Solely for the purposes of the product governance requirements contained within: (a) EU Directive 2014/65/EU on markets in financial instruments, as amended (“MiFID II”); (b) Articles 9 and 10 of Commission Delegated Directive (EU) 2017/593 supplementing MiFID II; and (c) local implementing measures (together, the “MiFID II Product Governance Requirements”), and disclaiming all and any liability, which any “manufacturer” (for the purposes of the MiFID II Product Governance Requirements) may otherwise have with respect thereto, the Shares have been subject to a product approval process, which has determined that they each are: (i) compatible with an end target market of retail investors and investors who meet the criteria of professional clients and eligible counterparties, each as defined in MiFID II; and (ii) eligible for distribution through all distribution channels as are permitted by MiFID II (the “Target Market Assessment”).
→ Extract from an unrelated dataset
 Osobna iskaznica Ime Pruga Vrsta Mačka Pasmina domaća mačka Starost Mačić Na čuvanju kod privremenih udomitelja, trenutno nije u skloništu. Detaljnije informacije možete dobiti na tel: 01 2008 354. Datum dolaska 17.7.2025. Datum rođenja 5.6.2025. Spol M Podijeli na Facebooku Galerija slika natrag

Notwithstanding the Target Market Assessment, distributors should note that: the price of the Shares may decline and investors could lose all or part of their investment; the Shares offer no guaranteed income and no capital protection; and an investment in the Shares is compatible only with investors who do not need a guaranteed income or capital protection, who (either alone or in conjunction with an appropriate financial or other adviser) are capable of evaluating the merits and risks of such an investment and who have sufficient resources to be able to bear any losses that may result therefrom. Conversely, an investment in the Shares is not compatible with investors looking for full capital protection or full repayment of the amount invested or having no risk tolerance, or investors requiring a fully guaranteed income or fully predictable return profile.
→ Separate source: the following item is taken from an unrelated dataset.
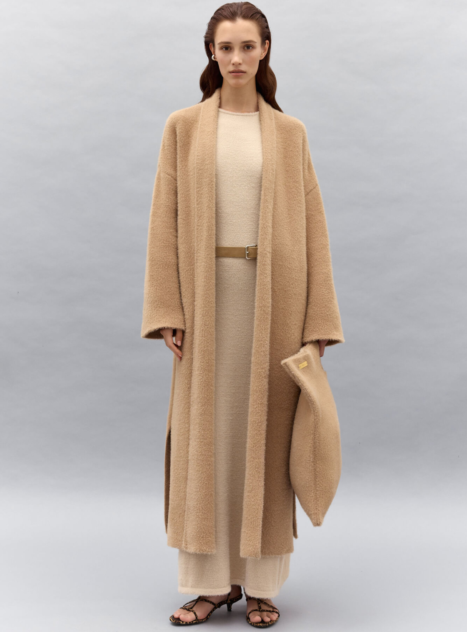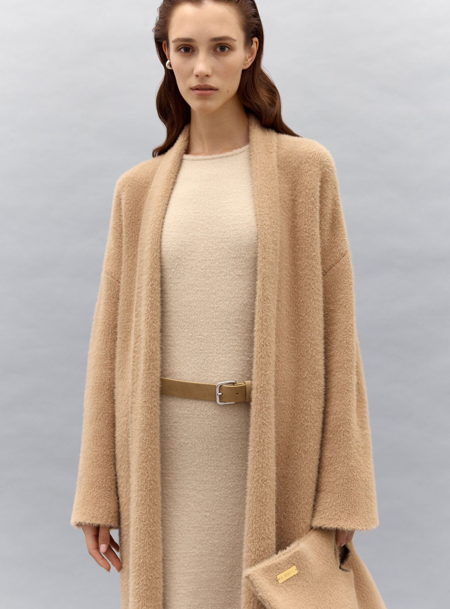 Удлиненный кардиган 115 и 122 см длинны. Выполнен из мягкой пушистой пряжи. Кардиган идеально подойдет на прохладную погоду. Комбинируется с фирменными костюмами "25 Union".

The Target Market Assessment is without prejudice to the requirements of any contractual, legal or regulatory selling restrictions in relation to the Offering.
For the avoidance of doubt, the Target Market Assessment does not constitute: (a) an assessment of suitability or appropriateness for the purposes of MiFID II; or (b) a recommendation to any investor or group of investors to invest in, or purchase, or take any other action whatsoever with respect to the Shares.
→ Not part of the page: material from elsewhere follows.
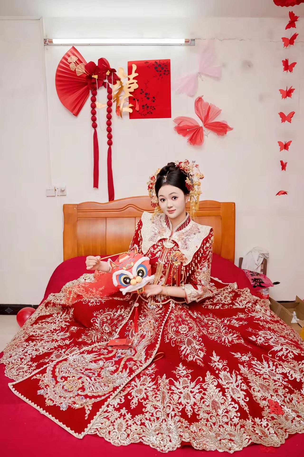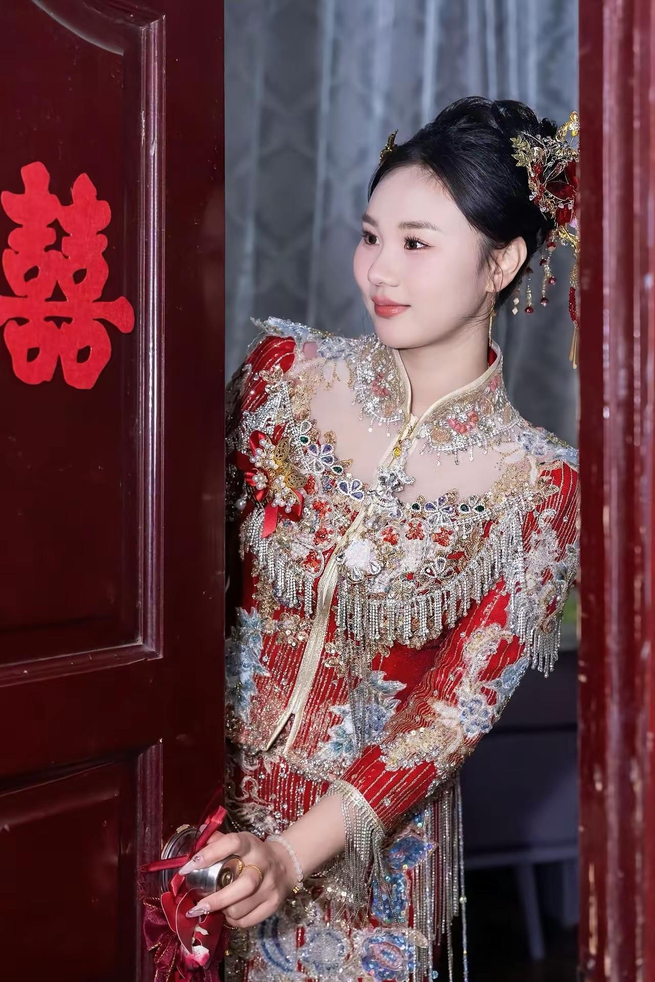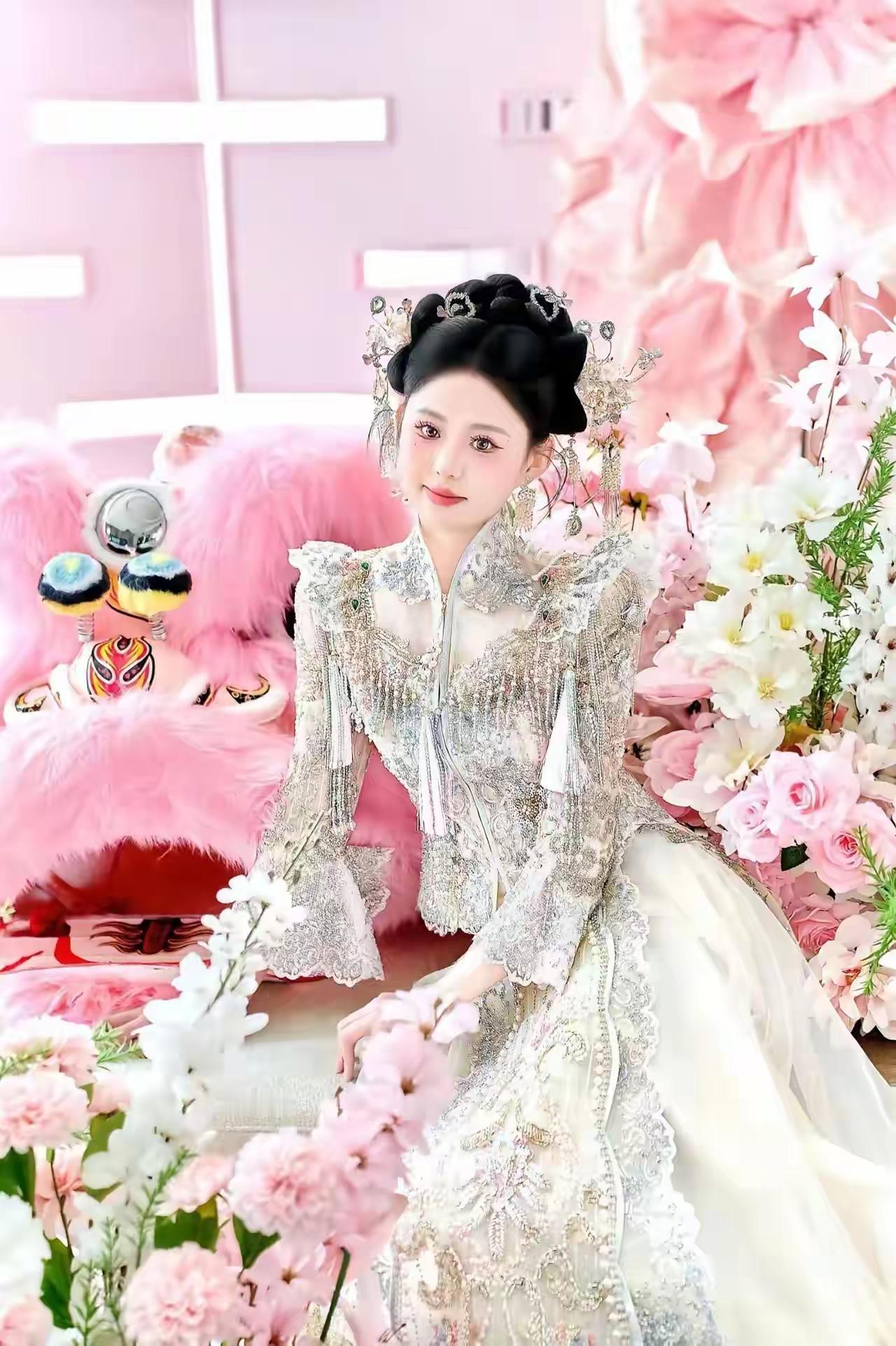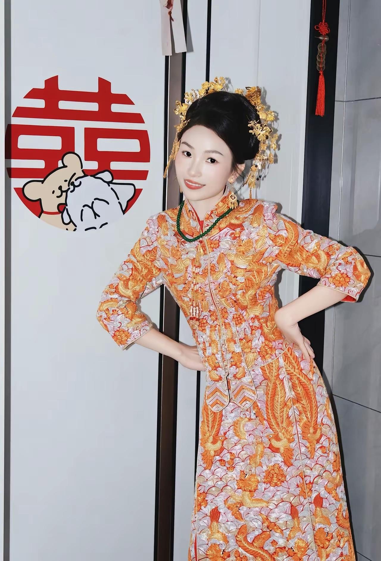 谁能想到粉蕾丝鱼尾裙与柿子树的同框会这么惊艳?木质调的室内空间里,女神身着粉色蕾

Each distributor is responsible for undertaking its own Target Market Assessment in respect of the Shares and determining appropriate distribution channels.
Matters discussed in this release may constitute forward-looking statements. Forward-looking statements are statements that are not historical facts and that can be identified by words such as "believe", "expect", "anticipate", "intends", "estimate", "will", "may", "continue", "should", and similar expressions. The forward-looking statements in this press release are based upon various assumptions, many of which are based, in turn, upon further assumptions. Although the Company believes that these assumptions were reasonable when made, these assumptions are inherently subject to significant known and unknown risks, uncertainties, contingencies and other important factors which are difficult or impossible to predict and are beyond its control. Such risks, uncertainties, contingencies and other important factors could cause actual events to differ materially from the expectations expressed or implied in this release by such forward-looking statements.
The information, opinions and forward-looking statements contained in this announcement speak only as at its date, and are subject to change without notice.